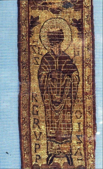 St. Cuthbert’s ceremonial robe Made from silk fabric with gold thread embroidery, these medieval “ceremonial robes” date back to the early 900s. They are among the earliest surviving embroidered works from this period in England and the only surviving pieces featuring full human figures.
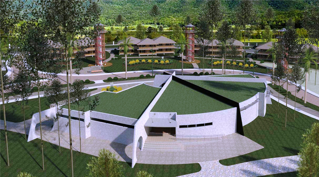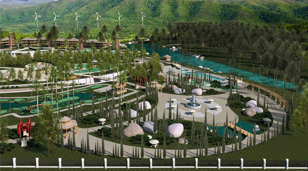 Parque emplazado en un entorno natural, con una gran variedad de relieves en todo su terreno y una acogedora gama de arboles y distintos elementos naturales que permitieron a esta animación transmitir  la fresca y atractiva sensación que busca inspirar el proyecto.
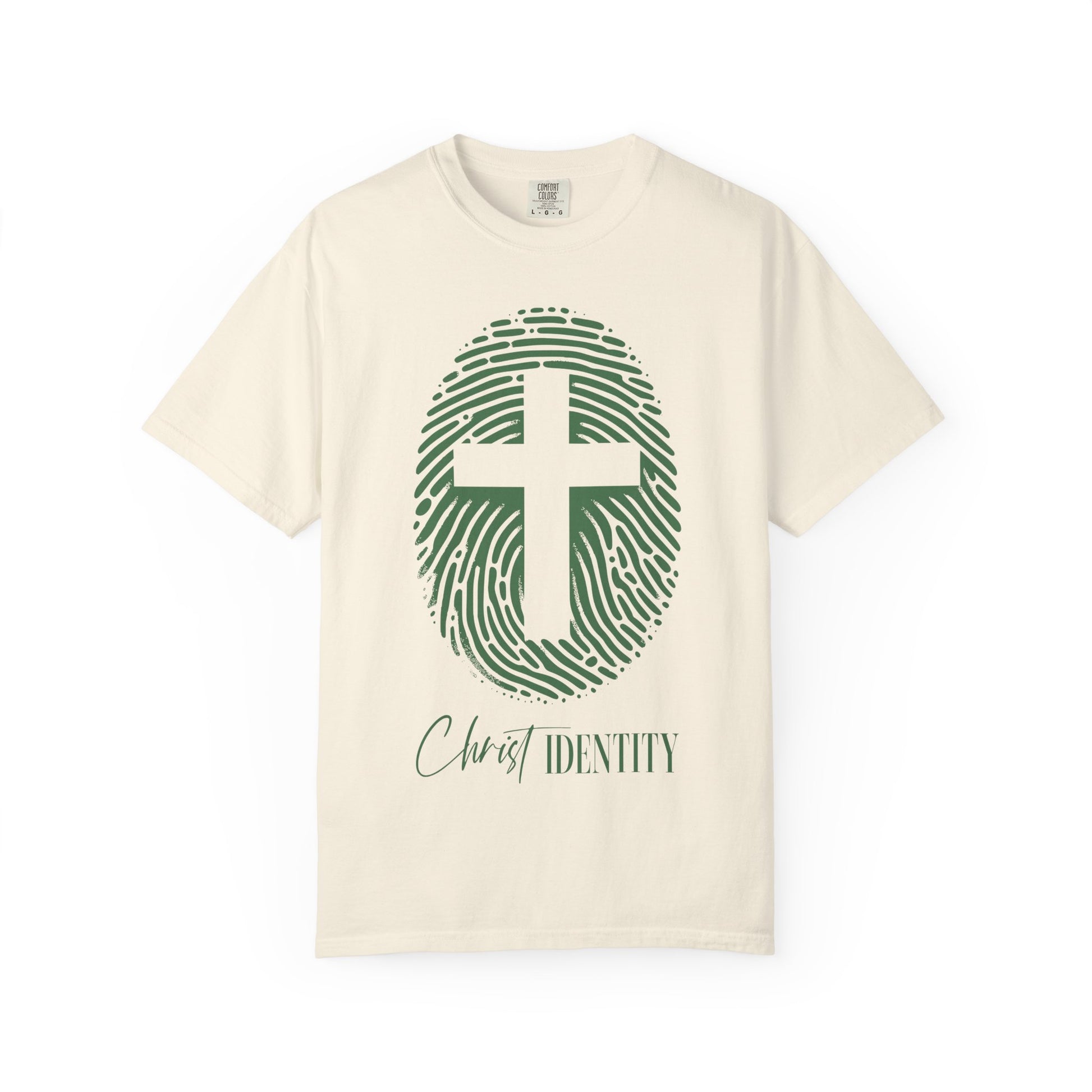 Soft, garment-dyed tee printed with a quiet, faith-forward design. The front features a fingerprint-shaped oval with a cross at its center and the words “Christ Identity” beneath—an intentional nod to belonging and spiritual roots. The fabric feels lived-in from the first wear thanks to the post-construction dyeing process, and the relaxed cut drapes easily over layers or stands on its own for everyday wear. Subtle, neutral tones let the design speak without shouting, making this shirt comfortable for church gatherings, mission trips, small group nights, or slow Sunday mornings.
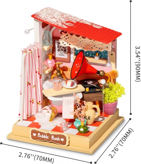 Tauchen Sie ein in die Welt der Miniaturen mit Miniatur-Badezimmer Bubble Bath von RoboTime. Dieses Kunsthandwerks-Set bietet stundenlange Unterhaltung beim Zusammenbauen und Bemalen. Nach Fertigstellung können Sie es als schöne Dekoration in Ihrem Raum verwenden.
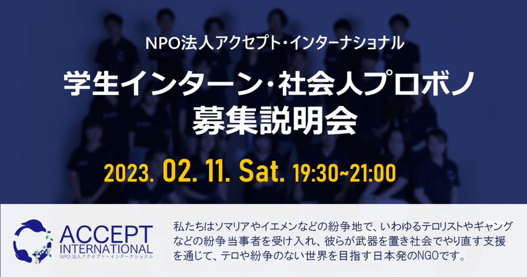 この募集の受入法人「NPO法人アクセプト・インターナショナル」をフォローして、
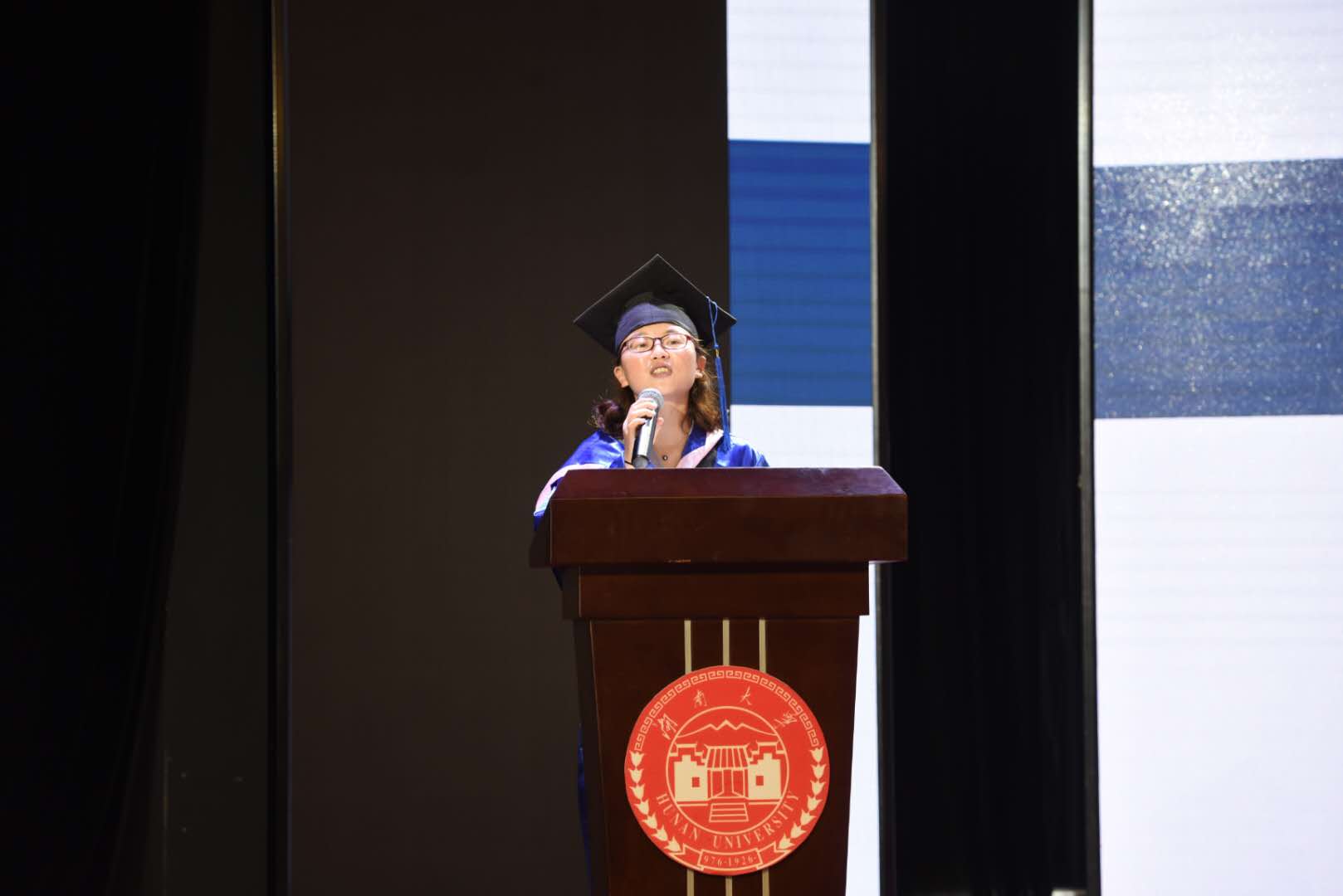 导师代表李金龙教授回忆了同学们的成长历程,几年时光匆匆而过,老师的话中饱含着对同学们的自豪、期翼与不舍,老师的寄语一定会铭记于心间,让同学们在今后的人生道路上时刻鞭策自己,奋勇直前。紧接着本科毕业生代表王甜同学与MPA毕业生代表汪玮同学依次上台发言,她们们向谆谆教诲自己的老师以及无时不刻关心自己的父母表达了深深的爱意与感激。四载励志求学,一朝鲲鹏展翅。两位同学用真挚朴实的语言描述了大学四年的心路历程,她们说:“四年里,学校图书馆换了新的系统,麓山南路进行了大范围改造,地铁四号线成了我们的校车;四年里,我们与身边的同学一起从愣头愣脑的模样,完成了从小清新到成熟的华丽转身。”
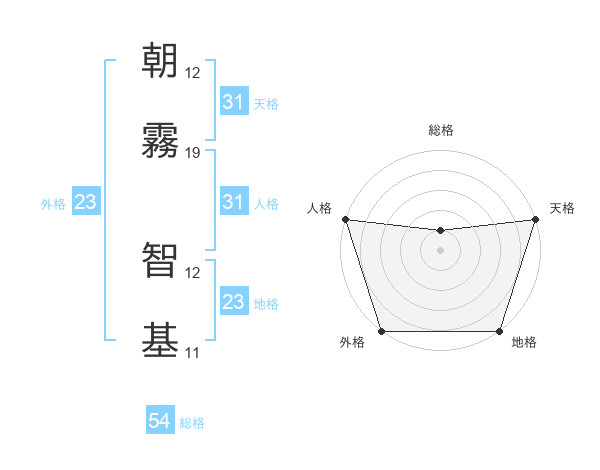 朝霧 智基さんの天格は31画の5点!
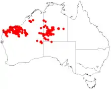 It has a scattered distribution throughout arid areas of the north western tip of South Australia,[4] the south western parts of the Northern Territory[3] and the Pilbara and southern parts of the Kimberley regions of Western Australia where it is found on rocky hillsides, stony hills and plains growing in sandy to loamy stony soils.[1] It is often part of tall shrubland communities with a spinifex understorey.[4]
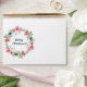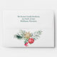 A festive finishing touch for holiday mailings, this envelope design features “Merry Christmas” inside a watercolor poinsettia and holly wreath. Personalise with your return address or family name for a coordinated look with your matching cards, invites, or stickers. Perfect for making even your envelopes feel like part of the celebration.
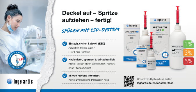 Den Trend zur Wirtschaftlichkeit, zu schnellen, sicheren und hygienischen Lösungen greift das Familienunternehmen mit dem patentierten ESD-Entnahme-System für Endo-Lösungen auf, welches in jeder Flasche integriert ist. Mittels Luer-/Luer-Lock-Spritzen können Lösungen einfach, sicher und direkt entnommen werden – Flecken, Produktverluste und Hygieneprobleme gehören damit der Vergangenheit an.
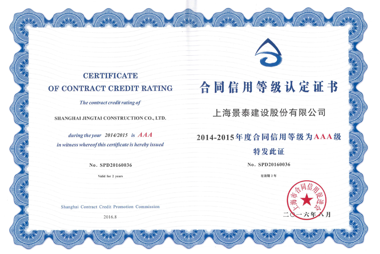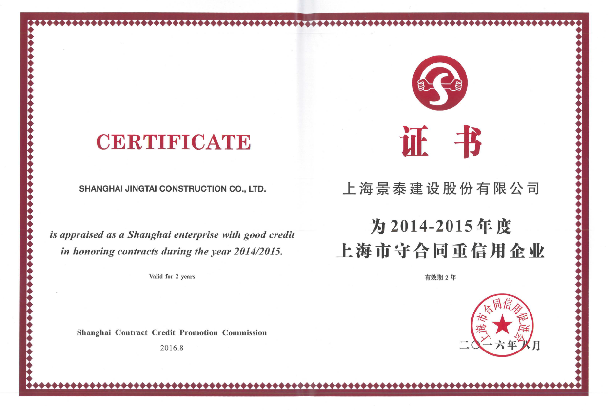 • A Shanghai Enterprise with Good Credit in Honoring Contracts During The Year 2014/2015
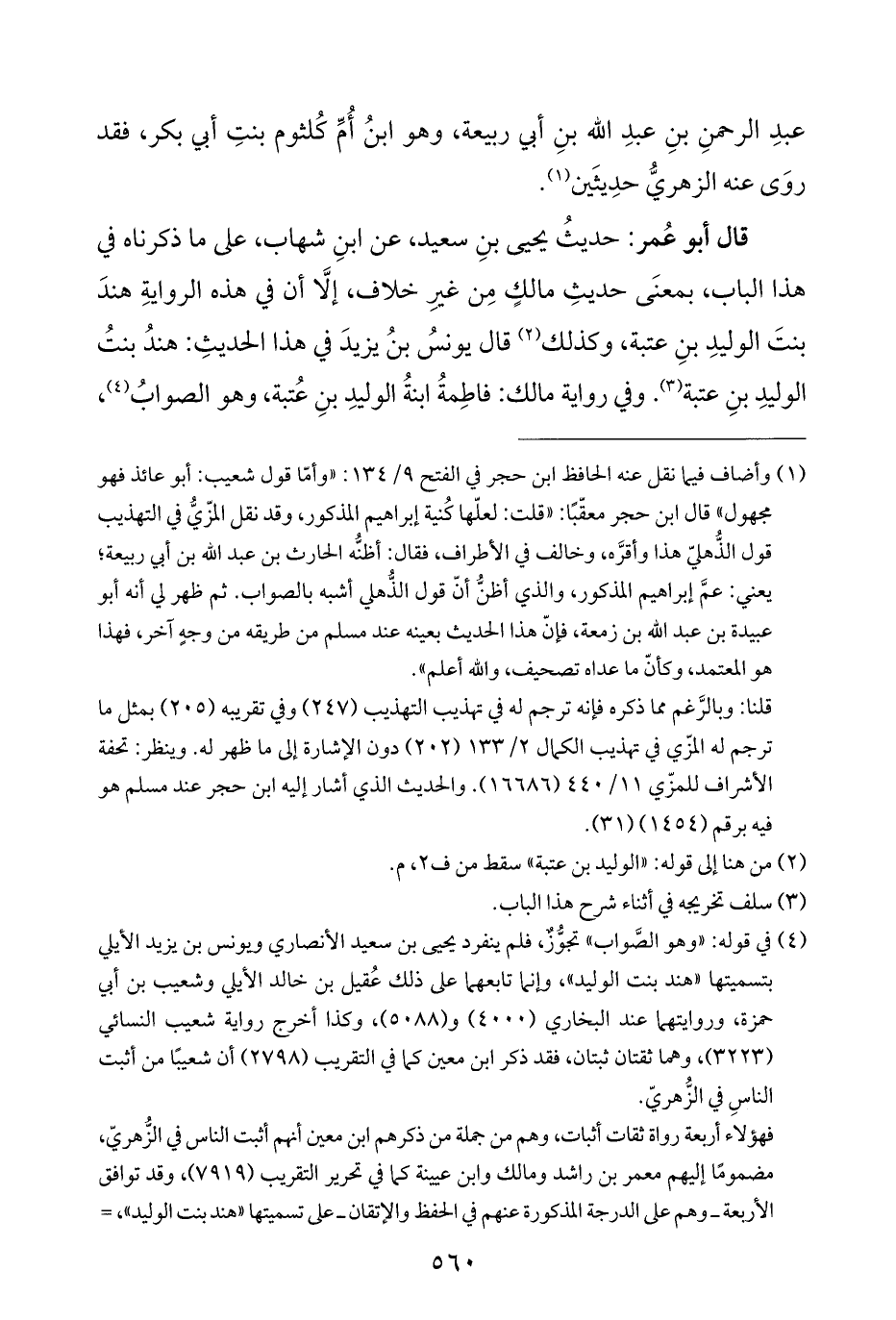 (¬٤) في قوله: "وهو الصَّواب" تجوُّزٌ، فلم ينفرد يحيى بن سعيد الأنصاري ويونس بن يزيد الأيلي بتسميتها "هند بنت الوليد"، وإنما تابعهما على ذلك عُقيل بن خالد الأيلي وشعيب بن أبي حمزة، وروايتهما عند البخاري (٤٠٠٠) و (٥٠٨٨)، وكذا أخرج رواية شعيب النسائي (٣٢٢٣)، وهما ثقتان ثبتان، فقد ذكر ابن معين كما في التقريب (٢٧٩٨) أن شعيبًا من أثبت الناسِ في الزُّهريّ.

◆ ◆ ◆ ◆ ◆

**Assignment**
Make an exact copy of every record, pictures excluded.

**Response box**
 St. Cuthbert’s ceremonial robe Made from silk fabric with gold thread embroidery, these medieval “ceremonial robes” date back to the early 900s. They are among the earliest surviving embroidered works from this period in England and the only surviving pieces featuring full human figures.
 Parque emplazado en un entorno natural, con una gran variedad de relieves en todo su terreno y una acogedora gama de arboles y distintos elementos naturales que permitieron a esta animación transmitir  la fresca y atractiva sensación que busca inspirar el proyecto.
 Soft, garment-dyed tee printed with a quiet, faith-forward design. The front features a fingerprint-shaped oval with a cross at its center and the words “Christ Identity” beneath—an intentional nod to belonging and spiritual roots. The fabric feels lived-in from the first wear thanks to the post-construction dyeing process, and the relaxed cut drapes easily over layers or stands on its own for everyday wear. Subtle, neutral tones let the design speak without shouting, making this shirt comfortable for church gatherings, mission trips, small group nights, or slow Sunday mornings.
 Tauchen Sie ein in die Welt der Miniaturen mit Miniatur-Badezimmer Bubble Bath von RoboTime. Dieses Kunsthandwerks-Set bietet stundenlange Unterhaltung beim Zusammenbauen und Bemalen. Nach Fertigstellung können Sie es als schöne Dekoration in Ihrem Raum verwenden.
 この募集の受入法人「NPO法人アクセプト・インターナショナル」をフォローして、
 导师代表李金龙教授回忆了同学们的成长历程,几年时光匆匆而过,老师的话中饱含着对同学们的自豪、期翼与不舍,老师的寄语一定会铭记于心间,让同学们在今后的人生道路上时刻鞭策自己,奋勇直前。紧接着本科毕业生代表王甜同学与MPA毕业生代表汪玮同学依次上台发言,她们们向谆谆教诲自己的老师以及无时不刻关心自己的父母表达了深深的爱意与感激。四载励志求学,一朝鲲鹏展翅。两位同学用真挚朴实的语言描述了大学四年的心路历程,她们说:“四年里,学校图书馆换了新的系统,麓山南路进行了大范围改造,地铁四号线成了我们的校车;四年里,我们与身边的同学一起从愣头愣脑的模样,完成了从小清新到成熟的华丽转身。”
 朝霧 智基さんの天格は31画の5点!
 It has a scattered distribution throughout arid areas of the north western tip of South Australia,[4] the south western parts of the Northern Territory[3] and the Pilbara and southern parts of the Kimberley regions of Western Australia where it is found on rocky hillsides, stony hills and plains growing in sandy to loamy stony soils.[1] It is often part of tall shrubland communities with a spinifex understorey.[4]
 A festive finishing touch for holiday mailings, this envelope design features “Merry Christmas” inside a watercolor poinsettia and holly wreath. Personalise with your return address or family name for a coordinated look with your matching cards, invites, or stickers. Perfect for making even your envelopes feel like part of the celebration.
 Den Trend zur Wirtschaftlichkeit, zu schnellen, sicheren und hygienischen Lösungen greift das Familienunternehmen mit dem patentierten ESD-Entnahme-System für Endo-Lösungen auf, welches in jeder Flasche integriert ist. Mittels Luer-/Luer-Lock-Spritzen können Lösungen einfach, sicher und direkt entnommen werden – Flecken, Produktverluste und Hygieneprobleme gehören damit der Vergangenheit an.
 • A Shanghai Enterprise with Good Credit in Honoring Contracts During The Year 2014/2015
 (¬٤) في قوله: "وهو الصَّواب" تجوُّزٌ، فلم ينفرد يحيى بن سعيد الأنصاري ويونس بن يزيد الأيلي بتسميتها "هند بنت الوليد"، وإنما تابعهما على ذلك عُقيل بن خالد الأيلي وشعيب بن أبي حمزة، وروايتهما عند البخاري (٤٠٠٠) و (٥٠٨٨)، وكذا أخرج رواية شعيب النسائي (٣٢٢٣)، وهما ثقتان ثبتان، فقد ذكر ابن معين كما في التقريب (٢٧٩٨) أن شعيبًا من أثبت الناسِ في الزُّهريّ.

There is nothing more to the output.